Designing complex engineering systems such as self-driving cars, electronic and photonic integrated circuits, requires design automation software to complete many challenging tasks that are impossible or too time-consuming if done manually. In practice, almost all engineering designs are subject to such unavoidable uncertainties as noise, fabrication process variations and insufficient knowledge about external environments. These uncertainties often cause performance degradations, system failures and sometimes fatal accidents. However, existing design automation software requires massive data samples from time-consuming computer simulations or non-trivial measurement when uncertainties are involved. This project uses electronic and photonic integrated circuits as driving examples, and will develop novel design automation algorithms to improve the performance and reliability under various uncertainties. The education components of this project include creating two graduate courses of uncertainty and data analysis, training future workforce through undergraduate and graduate research. The outreach education and training through the awardee institution and through academic conferences will enable technology and knowledge transfer to a broad community.

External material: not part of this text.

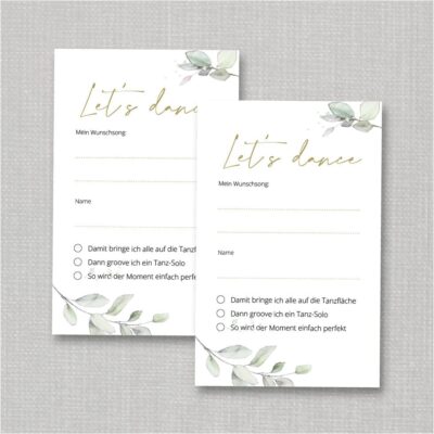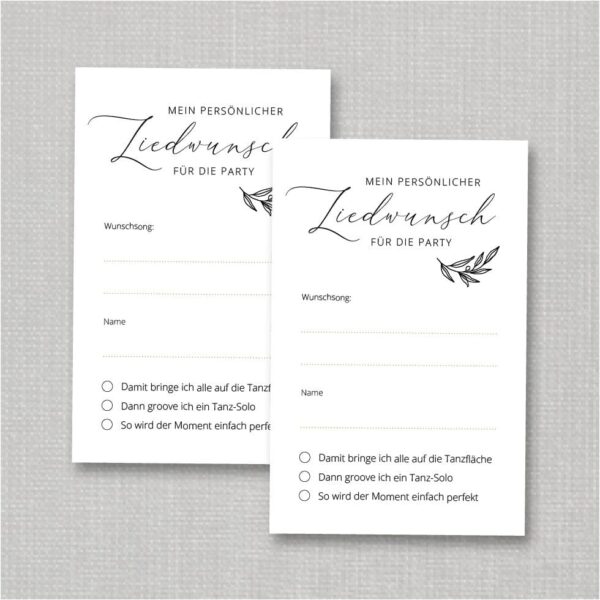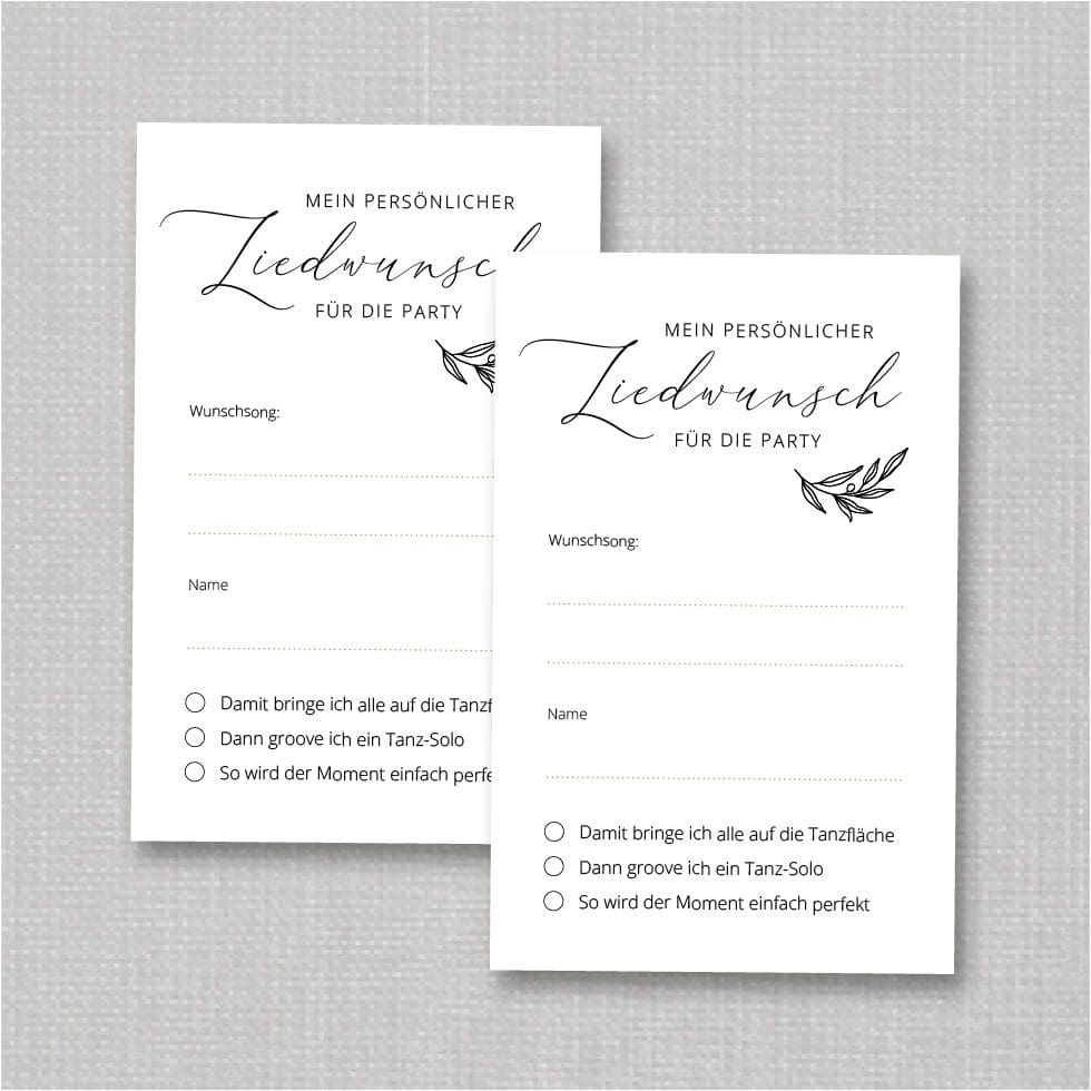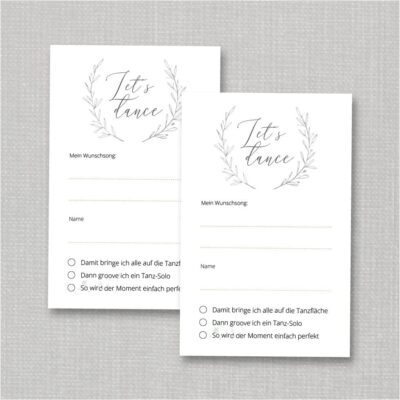 Wir finden ja, dass kein Brautpaar auf dieses Detail verzichten sollte. Denn es macht alle Gäste glücklich und hilft dem DJ, alle Wünsche zu berücksichtigen. Deshalb haben wir eine einfache wie auch clevere Lösung für euch gestaltet.

Although this project targets on applications in electronics and photonics, the developed algorithms and theory will be applicable to many other domains such as autonomous driving, renewable energy systems, and medical imaging. Since uncertainty-aware photonic design automation is still at its early stage, this project will enable a new field of important research. The resulting algorithms and tools will support the foreseeable large-scale photonic integration which will boost the performance of future computing and communication systems.
The technical goal of this project is to develop novel uncertainty-aware electronic and photonic design automation algorithms that require only a small data set and a very low computational cost in the design flow. This project will span three research topics: uncertainty-aware simulation, optimization and data-driven variation modeling. Firstly, novel algorithms will be developed to address several long-standing challenges in the forward uncertainty quantification of electronic and photonic circuits, such as the coupled impact of fundamentally different types of uncertainties and long-term probabilistic simulation errors. Secondly, leveraging the developed forward uncertainty simulator, this project will further develop ultra-fast optimization tools to improve the yield of electronic and photonic circuits. The main focus will be investigating large-scale "non-sampling" stochastic optimization algorithms. The developed algorithms will enable rigorous yield optimization with "small" simulation data sets and thus significantly reduce the software runtime on a computer. Finally, rigorous statistical estimation algorithms will be developed to calibrate critical device model parameters and to extract statistical variability distributions based on limited and noisy indirect circuit-level measurement data. The designed algorithms and prototyping software will be validated by practical design cases.
This award reflects NSF's statutory mission and has been deemed worthy of support through evaluation using the Foundation's intellectual merit and broader impacts review criteria.